Luis Lehner, titulaire de la chaire Carlo Fidani Rainer Weiss en physique théorique à l'Institut Périmètre et coauteur de l'article, partage l'avis de M. East. « Nous sommes passés d'une seule détection à 300 sur une période de 10 ans. Il y a beaucoup d'événements spéciaux, mais nous entrons rapidement dans une phase où l'analyse de la population permet de nouvelles options pour tester la relativité générale et comprendre les canaux de formation. » 

Luis Lehner, professeur-chercheur et titulaire de la Chaire Carlo Fidani Rainer Weiss en physique théorique, qui étudie la gravité intense.

Ce qui rend LIGO encore plus remarquable, c'est que les détections de candidates ondes gravitationnelles sont accessibles à tous, des astrophysiciens au grand public. 

« Les astrophysiciens n'avaient jamais eu cette possibilité auparavant », explique Lehner. « Il fallait pointer son télescope, croiser les doigts, puis attendre que quelque chose se passe, ou pas. L'univers est très intéressant, donc il se passe généralement quelque chose. Mais c'est la première fois qu'un messager peut dire : pointez votre télescope dans cette direction. C'est extraordinaire. » 

 

Détails de la publication

 

« GW241011 et GW241110 : exploration de la formation binaire et de la physique fondamentale à l'aide de fusions asymétriques de trous noirs à rotation élevée » a été publié le 28 octobre dans The Astrophysical Journal Letters.

 

La collaboration LIGO-Virgo-KAGRA 

LIGO est financé par la NSF et exploité par Caltech et le MIT, qui ont conçu et construit le projet. Le soutien financier du projet Advanced LIGO a été assuré par la NSF, avec la participation et les contributions importantes de l'Allemagne (Société Max Planck), du Royaume-Uni (Science and Technology Facilities Council) et de l'Australie (Australian Research Council). Plus de 1 600 scientifiques du monde entier participent à cet effort dans le cadre de la collaboration scientifique LIGO, qui comprend la collaboration GEO. Les autres institutions membres sont répertoriées sur le site https://my.ligo.org/census.php. 

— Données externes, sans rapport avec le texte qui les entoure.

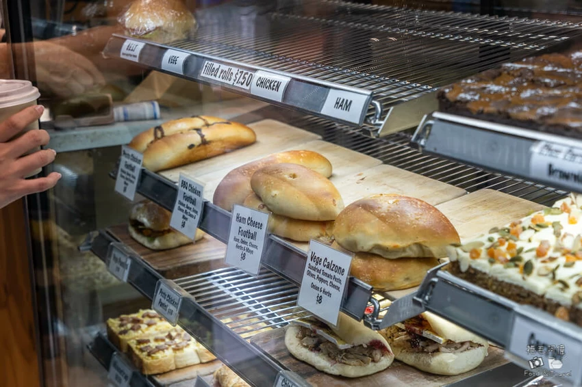 店內最吸引人的就是紐西蘭經典鹹派,人氣口味包括 Steak & Cheese Pie、Chicken & Mushroom Pie、以及早餐必點的 Bacon & Egg Pie。外皮金黃喀滋、內餡濃郁飽滿,搭上 Flat White 更是一絕。因為太熱門,許多口味都常在中午前就售完,店家也會提醒遊客「想吃請早點來,不然只能摸摸鼻子」。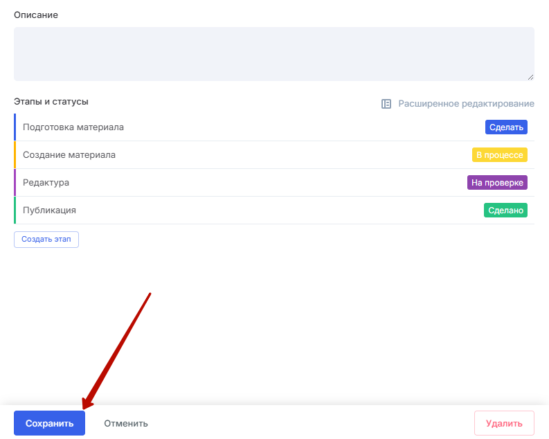 В своем рабочем процессе вы можете создать любое количество этапов с любыми статусами. Минимум — 2 (со статусами «Сделать» и «Сделано»). Так вы сможете предусмотреть все этапы подготовки, проверок и внесения правок в соответствии с вашим стилем работы.

La collaboration Virgo compte actuellement environ 880 membres issus de 152 institutions dans 17 pays différents (principalement européens). L'Observatoire européen de gravitation (EGO) héberge le détecteur Virgo près de Pise, en Italie, et est financé par le Centre national de la recherche scientifique (CNRS) en France, l'Istituto Nazionale di Fisica Nucleare (INFN) en Italie et l'Institut national de physique subatomique (Nikhef) aux Pays-Bas. Pour plus d'informations, consultez le site web de Virgo à l'adresse https://www.virgo-gw.eu. 

À propos de l’IP

L'Institut Périmètre est le plus grand centre de recherche en physique théorique au monde. Fondé en 1999, cet institut indépendant vise à favoriser les percées dans la compréhension fondamentale de notre univers, des plus infimes particules au cosmos tout entier. Les recherches effectuées à l’Institut Périmètre reposent sur l'idée que la science fondamentale fait progresser le savoir humain et catalyse l'innovation, et que la physique théorique d'aujourd'hui est la technologie de demain. Situé dans la région de Waterloo, cet établissement sans but lucratif met de l'avant un partenariat public-privé unique en son genre avec entre autres les gouvernements de l'Ontario et du Canada. Il facilite la recherche de pointe, forme la prochaine génération de pionniers de la science et communique le pouvoir de la physique grâce à des programmes primés d'éducation et de vulgarisation.